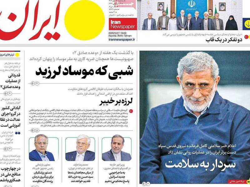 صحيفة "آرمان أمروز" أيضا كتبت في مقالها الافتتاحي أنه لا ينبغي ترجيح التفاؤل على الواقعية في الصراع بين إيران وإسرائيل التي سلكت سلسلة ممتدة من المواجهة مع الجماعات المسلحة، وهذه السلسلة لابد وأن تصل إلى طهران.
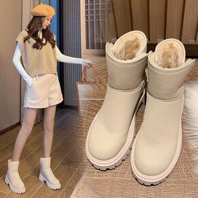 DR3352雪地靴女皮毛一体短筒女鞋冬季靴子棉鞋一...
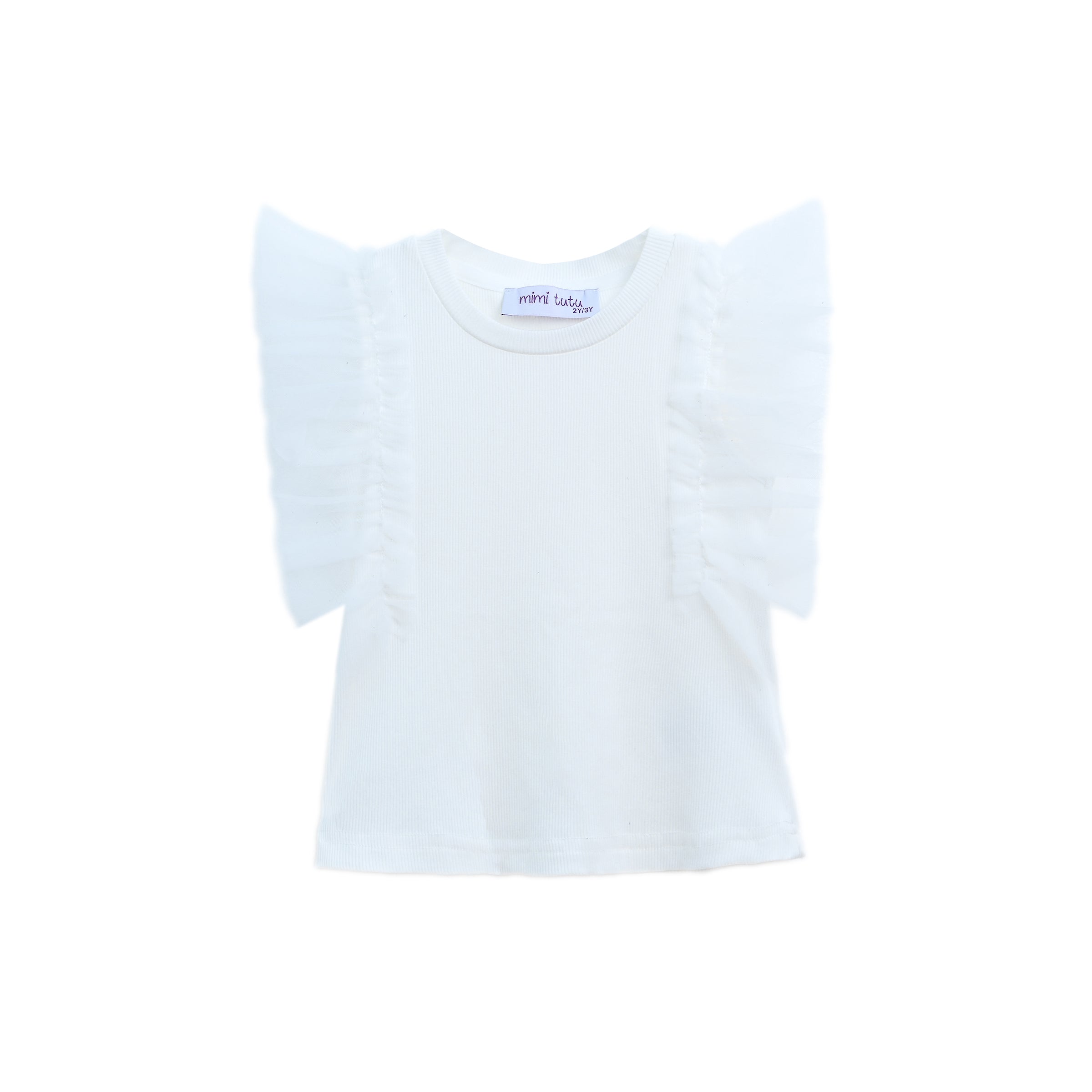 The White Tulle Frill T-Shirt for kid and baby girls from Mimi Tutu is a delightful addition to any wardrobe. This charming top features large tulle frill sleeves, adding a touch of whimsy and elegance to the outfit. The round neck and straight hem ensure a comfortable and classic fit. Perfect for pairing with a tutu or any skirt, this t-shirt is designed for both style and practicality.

* ABOUT THIS TASK: Pictures excluded, repeat exactly the lines from the top of the material through the line with "DR3352雪地靴女皮毛一体短筒女鞋冬季靴子棉鞋一...", including both of those lines.

* RESULT FOR THIS TASK:
 صحيفة "آرمان أمروز" أيضا كتبت في مقالها الافتتاحي أنه لا ينبغي ترجيح التفاؤل على الواقعية في الصراع بين إيران وإسرائيل التي سلكت سلسلة ممتدة من المواجهة مع الجماعات المسلحة، وهذه السلسلة لابد وأن تصل إلى طهران.
 DR3352雪地靴女皮毛一体短筒女鞋冬季靴子棉鞋一...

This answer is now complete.